The issue is almost certainly that you're including the name variable in your model, as it has too many factor levels. I would also remove it a methodological standpoint but this probably isn't the place for that discussion. Try:
train <- data
train$Name <- NULL
model<-tree(salary~.,train)
It seems that your salary is a factor vector, while you are trying to perform a regression, so it should be a numbers vector. Simply convert you salary to numeric, and it should work just fine. For more details read the library's help:
http://cran.r-project.org/web/packages/tree/tree.pdf
Usage
tree(formula, data, weights, subset, na.action = na.pass,
control = tree.control(nobs, ...), method = "recursive.partition",
split = c("deviance", "gini"), model = FALSE, x = FALSE, y = TRUE, wts
= TRUE, ...)
Arguments
formula A formula expression. The left-hand-side (response) should be either a numerical vector when a
regression tree will be fitted or a factor, when a classification tree
is produced. The right-hand-side should be a series of numeric or
factor variables separated by +; there should be no interaction terms.

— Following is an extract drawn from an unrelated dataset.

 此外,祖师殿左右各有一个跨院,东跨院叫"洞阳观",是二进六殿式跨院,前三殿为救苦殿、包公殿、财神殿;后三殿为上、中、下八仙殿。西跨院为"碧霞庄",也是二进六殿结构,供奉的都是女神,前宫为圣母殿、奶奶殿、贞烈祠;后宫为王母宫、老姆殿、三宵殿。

Both . and - are allowed: regression trees can have offset terms.
(...)
Depending on what exactly is stored in your salary variable, the conversion can be less or more tricky, but this should generaly work:
salary = as.numeric(levels(salary))[salary]
EDIT
As pointed out in the comment, the actual error corresponds to the data variable, so if it is a numerical data, it could also be converted to numeric to solve the issue, if it has to be a factor you will need another model or reduce the number of levels. You can also convert these factors to the numerical format by hand (by for example defining as many binary features as you have levels), but this can lead to the exponential growth of your input space.
EDIT2
It seems that you have to first decide what you are trying to model. You are trying to predict salary, but based on what? It seems that your data consists of players' records, then their names are for sure wrong type of data to use for this prediction (in particular - it is probably causing the 32 levels error). You should remove all the columns from the data variable which should not be used for building a prediction. I do not know what is the exact aim here (as there is no information regarding it in the question), so I can only guess that you are trying to predict the person's salary based on his/her stats, so you should remove from the input data: players' names, players' teams and obviously salaries (as predicting X using X is not a good idea ;)).